(Data items)

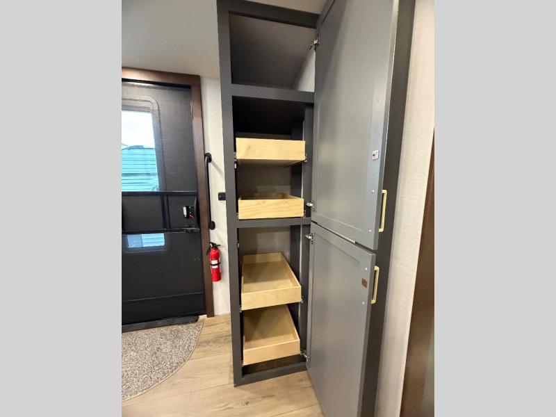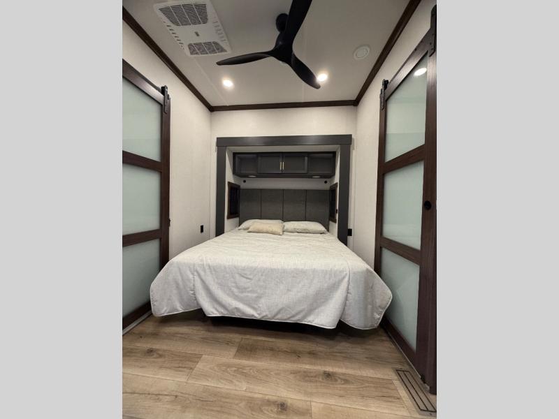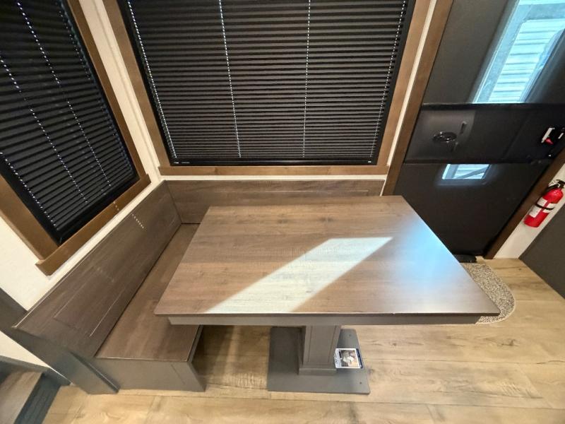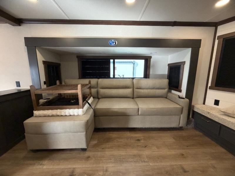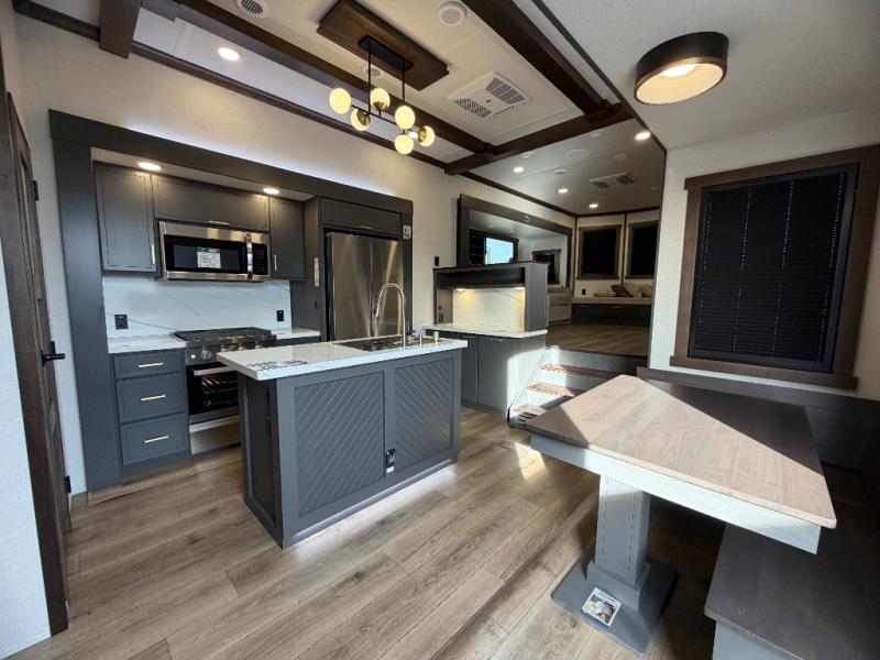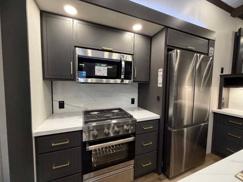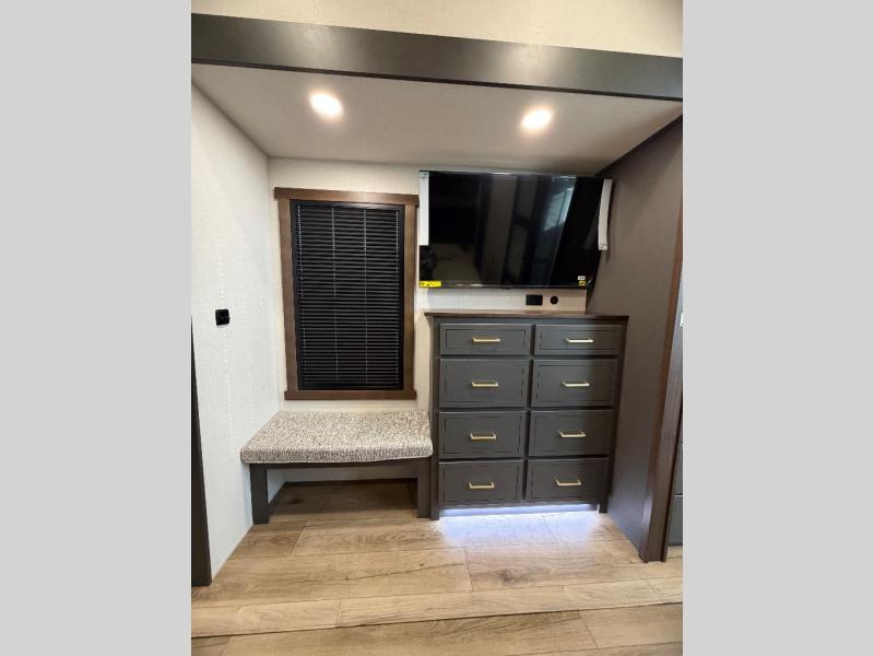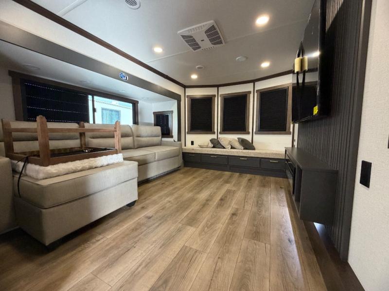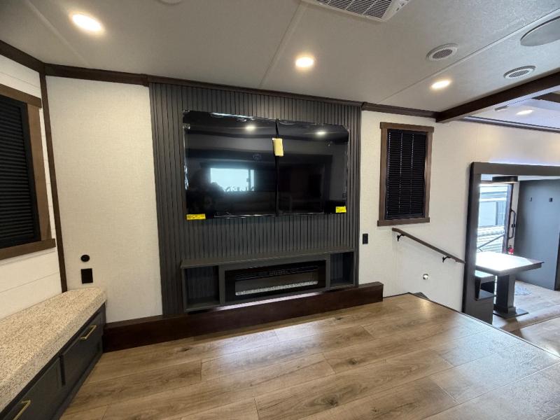 Unwind and refresh in this serene space of the rear bathroom, featuring dual sinks and a spacious linen closet for added convenience and storage. Drift off to sleep surrounded by peaceful surroundings in the private bedroom, complete with a plush king bed, an elegant dresser, and a stunning TV mounted above. The kitchen is a culinary haven, equipped with ample overhead cabinets, a convenient microwave, and a spacious fridge. The ample pantry and second pantry offer ample storage for your favorite ingredients and snacks. Plus, you can enjoy meals with loved ones at the table with swivel chairs! Also, the coat closet and half bath add a touch of practicality, making this fifth wheel perfect for everyday living or extended adventures. The front living room is a vibrant gathering space, featuring a comfortable sectional sofa and a cozy fireplace so you can snuggle up and enjoy quality time with family and friends while watching your favorite shows on the TV!
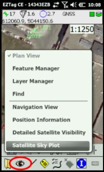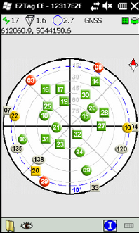 The Satellite Sky Plot is available through EZTag CE View menu. The sky plot is based on the latest GNSS almanac available in the receiver. It displays a graphical view of the position of the GNSS satellites in the sky.
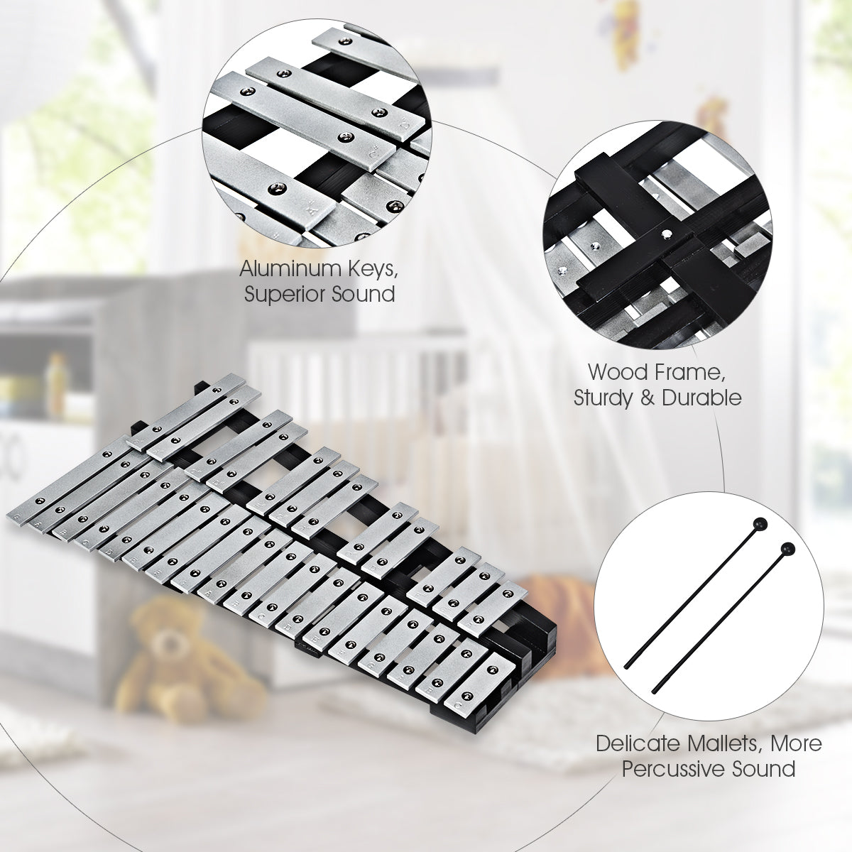 Material & Delicate Craftsmanship: Selection of aluminum plates to make 30 notes of the percussion glockenspiel, which is durable. The wooden base is natural and sturdy. Besides, after delicate treatment, the edge is smooth, which prevents people from being scratched.
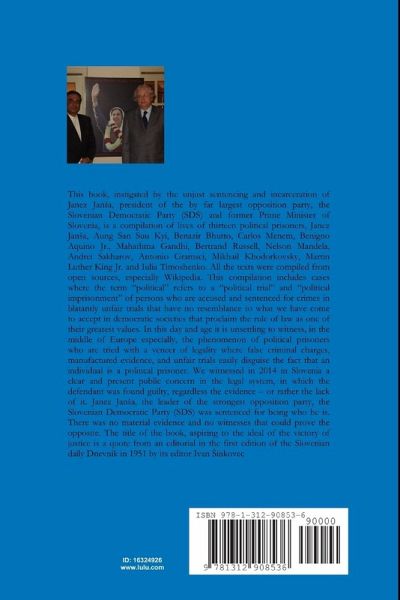 This book, instigated by the unjust sentencing and incarceration of Janez Jan¿a, president of the by far largest opposition party, the Slovenian Democratic Party (SDS) and former Prime Minister of Slovenia, is a compilation of lives of thirteen political prisoners, Janez Jan¿a, Aung San Suu Kyi, Benazir Bhutto, Carlos Menem, Benigno Aquino Jr., Mahathma Gandhi, Bertrand Russell, Nelson Mandela, Andrei Sakharov, Antonio Gramsci, Mikhail Khodorkovsky, Martin Luther King Jr. and Iulia Timoshenko. All the text were compiled from open sources, especially Wikipedia. Governments often say they have no political prisoners, only prisoners held under the normal criminal law. This compilation includes cases where the term "political" refers to a "political trial" and "political imprisonment" of persons who are accused and sentenced for crimes in blatantly unfair trials that have no resemblance to what we have come to accept in democratic societies that proclaim the rule of law as one of their greatest values.
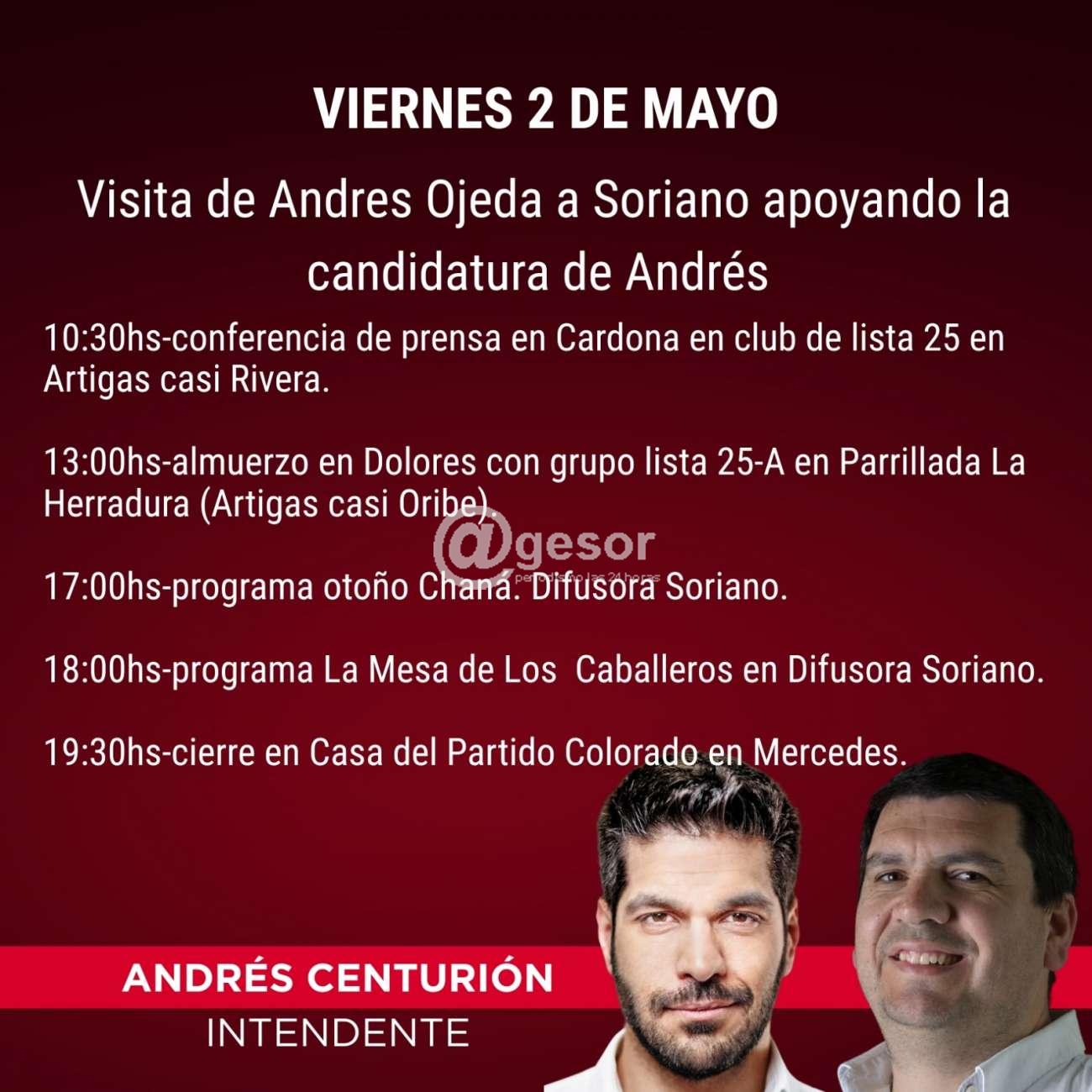 Este viernes 2 de mayo visita de ANDRÉS OJEDA a SORIANO apoyando la candidaduta de ANDRÉS CENTURIÓN a la Intendencia de Soriano
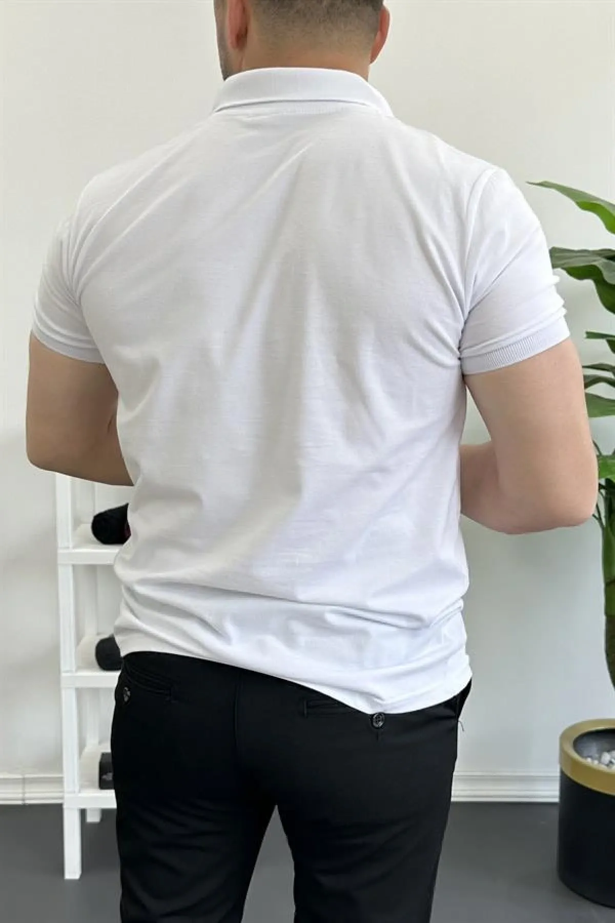 Erkek Slim Fit Düz Renk Pamuklu Soft Polo Tişört Beyaz Edw365
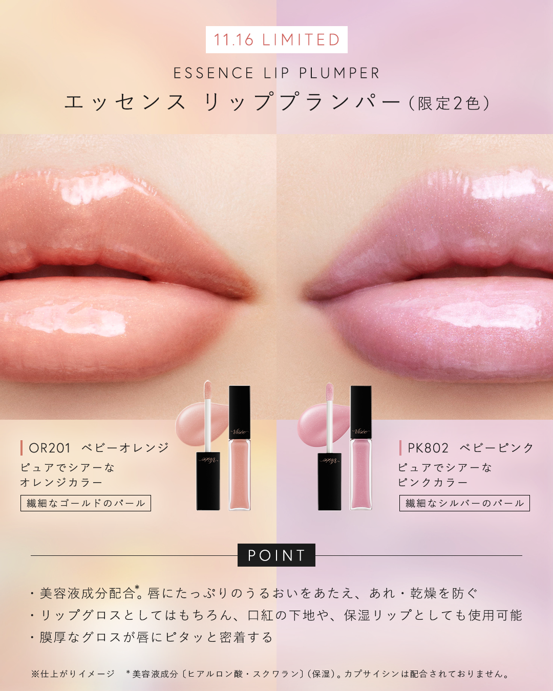 大人気のヴィセのリッププランパーに限定ピュアなミルキーカラーが登場!💖Visée(ヴィセ)エッセンスリッププランパーOR201ベビーオレンジ(限定色)PK802ベビーピンク(限定色)各¥1,430(税込)OR201ベビーオレンジにはゴールドパ...
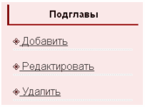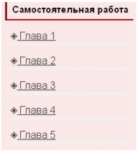 Каждая ссылка включает в себя подссылки (например, для ссылки "раздел 1" - подсылки: "§1", "§2", "§3", "§4"), ссылающиеся на подразделы одной или нескольких различных HTML-страниц. При загрузке любой из подссылок, рабочая область будет загружаться одним окном с двумя панелями навигации.
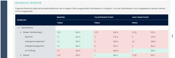 ermöglicht Ihnen eine vergleichende Analyse der Anbieter basierend auf verschiedenen Faktoren
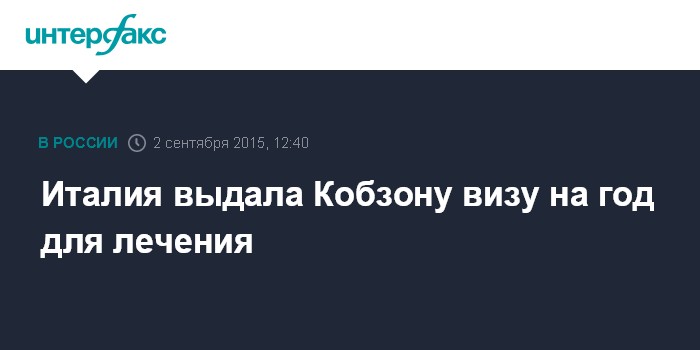 "Национальная итальянская виза выдана господину Кобзону из гуманитарных соображений для его лечения, и этот факт не имеет под собой никакой политической подоплеки", - сообщили "Интерфаксу" в пресс-службе итальянского посольства в Москве.

## TASK OBJECTIVE
Working from the entries above, please transcribe only the lines from the line with "Este viernes 2" through the line with "大人気のヴィセのリッププラン", exactly, with both end lines and without pictures.

## ANSWER TO THE PROBLEM
 Este viernes 2 de mayo visita de ANDRÉS OJEDA a SORIANO apoyando la candidaduta de ANDRÉS CENTURIÓN a la Intendencia de Soriano
 Erkek Slim Fit Düz Renk Pamuklu Soft Polo Tişört Beyaz Edw365
 大人気のヴィセのリッププランパーに限定ピュアなミルキーカラーが登場!💖Visée(ヴィセ)エッセンスリッププランパーOR201ベビーオレンジ(限定色)PK802ベビーピンク(限定色)各¥1,430(税込)OR201ベビーオレンジにはゴールドパ...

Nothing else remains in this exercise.